Conspicuous Bodies is an exciting and highly intelligent work, which will make a strong impact in a series of very lively debates. It has just the right amount of iconoclasm and incisiveness to be thoroughly appealing to Joyce and Rushdie scholars, to postcolonial theorists, to people thinking about how religion works in literature, and to people thinking how we might get beyond western models of selfhood and value. In recent years, I have seldom been as enthusiastic about a book as I am about this one. I recommend this book strongly.” —Enda Duffy, professor of English, University of California, Santa Barbara

In Conspicuous Bodies: Provincial Belief and the Making of Joyce and Rushdie, Jean Kane reexamines the literature of James Joyce and Salman Rushdie from a postsecularist perspective, arguing that their respective religions hold critical importance in their works. Though Joyce and Rushdie were initially received as cosmopolitans, both authors subsequently reframed their public images and aligned themselves instead with a provincial religious identity, which emphasized the interconnections between religious devotion and embodiment. At the same time, both Joyce and Rushdie managed to resist the doctrinal content of their religions.

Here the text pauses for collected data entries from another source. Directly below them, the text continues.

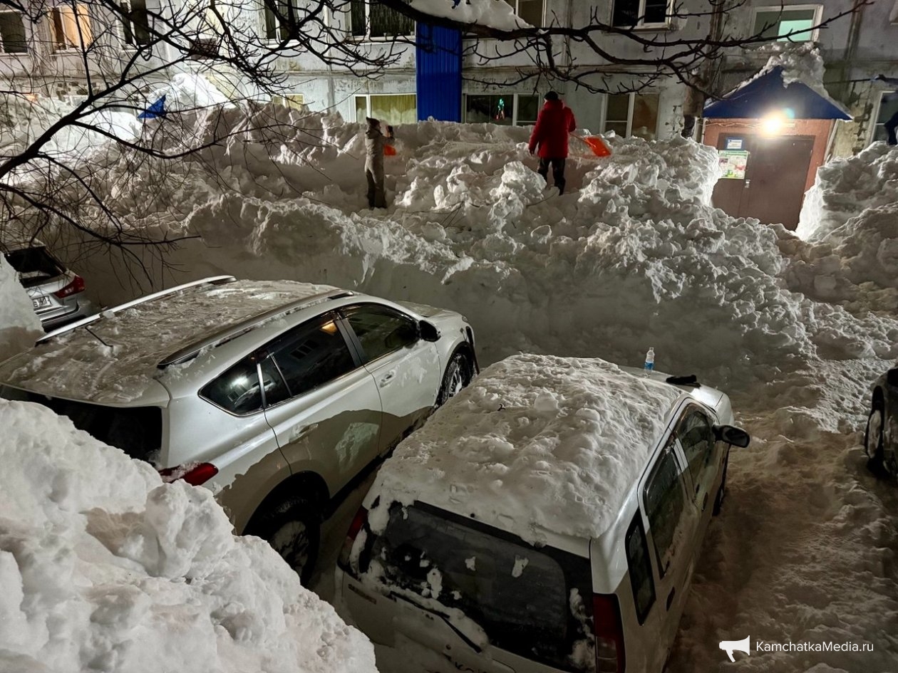 Обычный двор в Петропавловске-Камчатском. Последний раз снег убирали в середине декабря. После всех циклонов проезд полностью заблокирован уже две недели. Невозможно вывезти мусор, проехать пожарным и скорой, подвести товары в окрестные магазины. Попытка погрузчика пробиться в соседний двор закончилась крахом — спецтехника чуть не свалилась в яму со свежеоткопанным автомобилем, а потом превратила въезд в площадку для могула с трамплинами и ухабами.
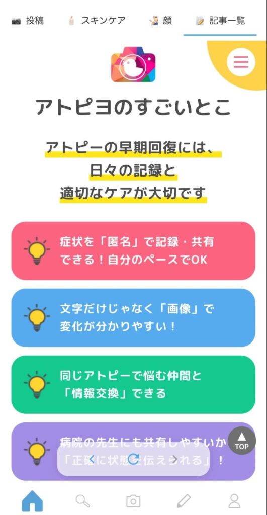 アトピヨのアプリでは、みんなが実際に試したケアや工夫が数多く投稿されています。「これでかゆみが落ち着いた」「この方法が自分に合っていた」など、リアルな体験からヒントが見つかるかもしれません。ぜひ参考にしてみてください。
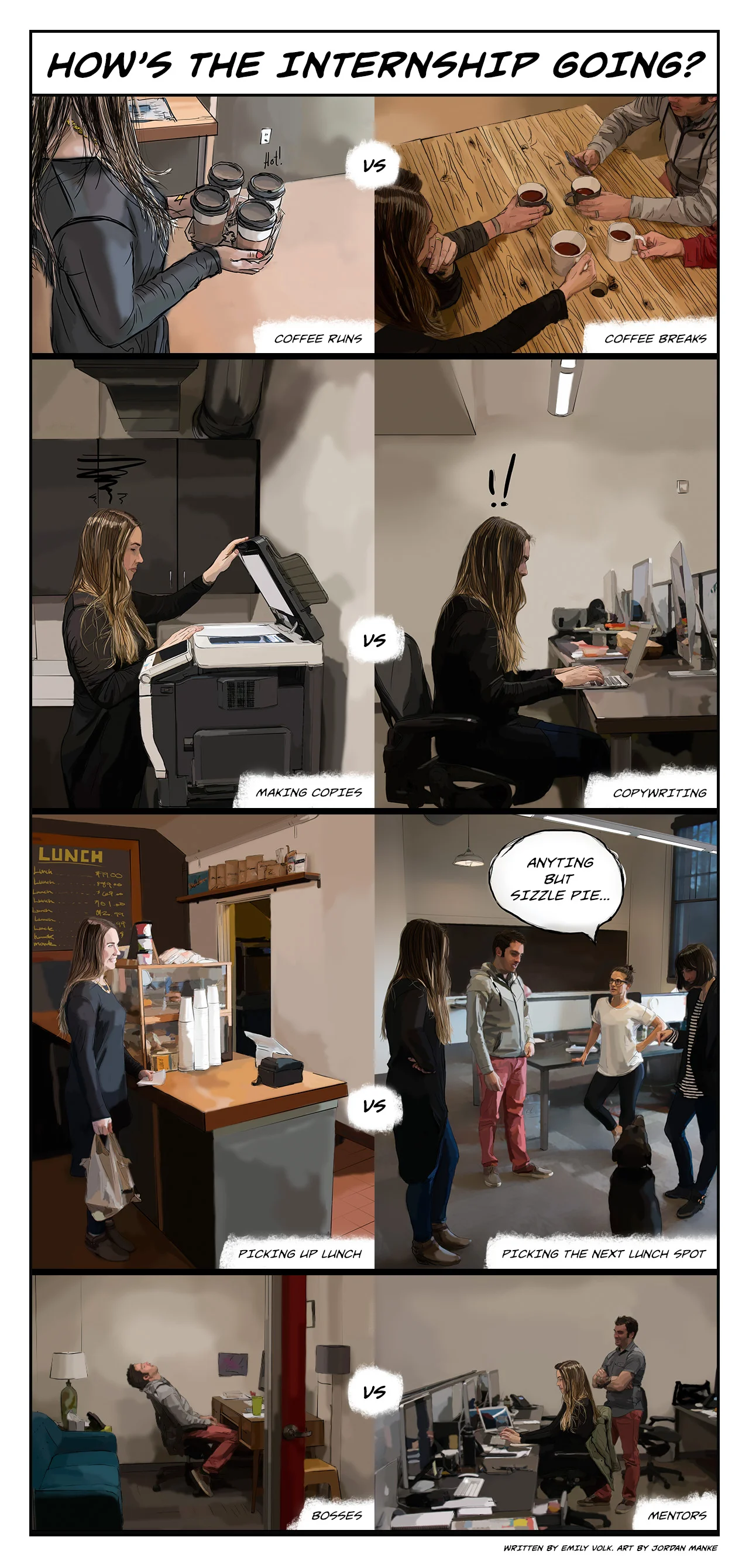 What I want to do with this webcomic is to show you a fly’s eye view of what it’s like being an intern at Struck, show you what I’ve learned, and take the normal “new kid” anxieties and prod and poke them onto the page/screen. I believe if you place those kinds of things in front of you, laid out all in plain sight, they end up looking a lot less big and scary.
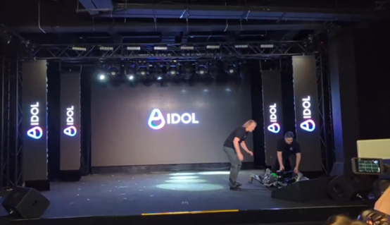 当时两名工作人员伴着电影《洛奇》的配乐引导Aidol走上舞台,在向现场观众挥手示意后,Aidol突然失去平衡倒地,部分零件散落在舞台上。现场工作人员见状立即上前遮挡,避免机器人暴露在公众视野中,同时将它抬下舞台。
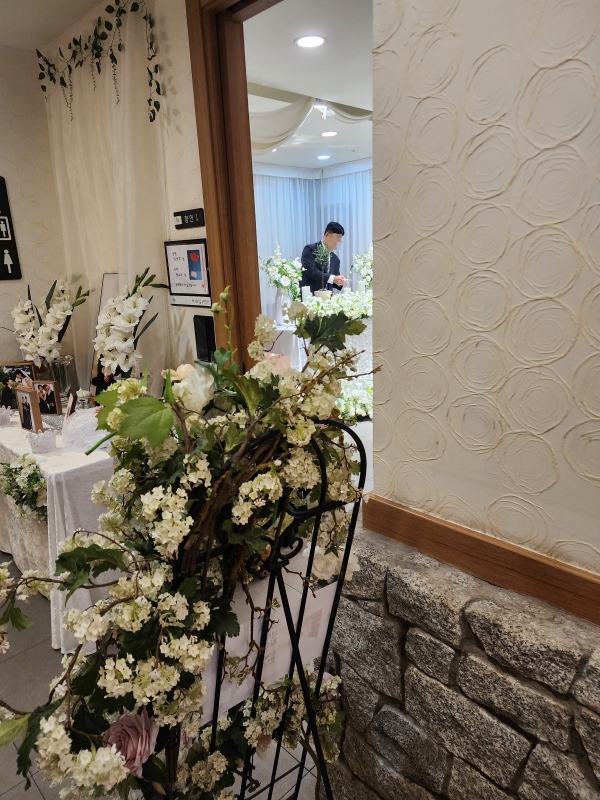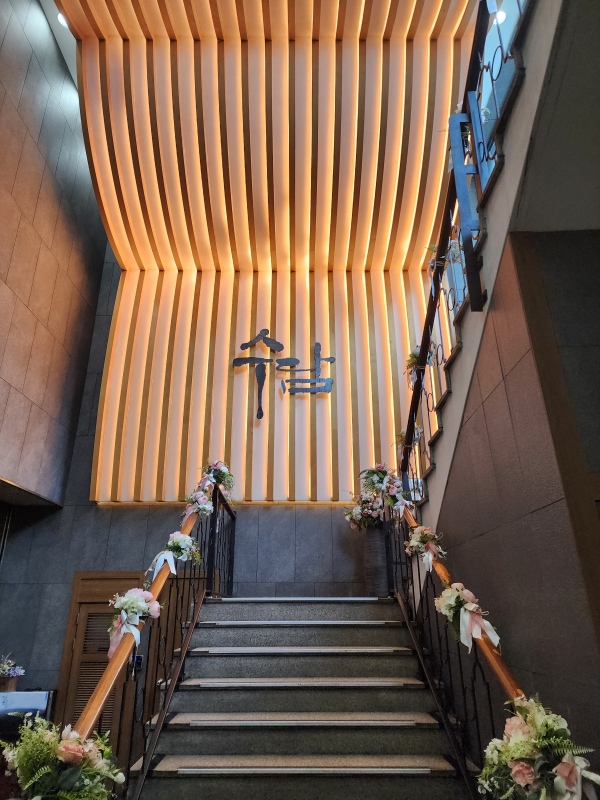 지하층으로 내려가는 계단은 웨딩 플라워로 가득해,

Conspicuous Bodies presents Joyce as a founder and Rushdie as an inheritor of a distinctive discourse of belief about the importance of physical bodies and knowledge in religious practice. In doing so, it moves the reception of Joyce and Rushdie away from what previous critics have emphasized—away from questions of aesthetics and from a narrow understanding of belief—and instead questions the assumption that belief should be segregated from matters of physicality and knowledge. Kane reintroduces the concept of spiritual embodiment in order to expand our understanding of what counts as spiritual agency in non-Western and minority literatures.

Jean Kane is associate professor of English at Vassar College.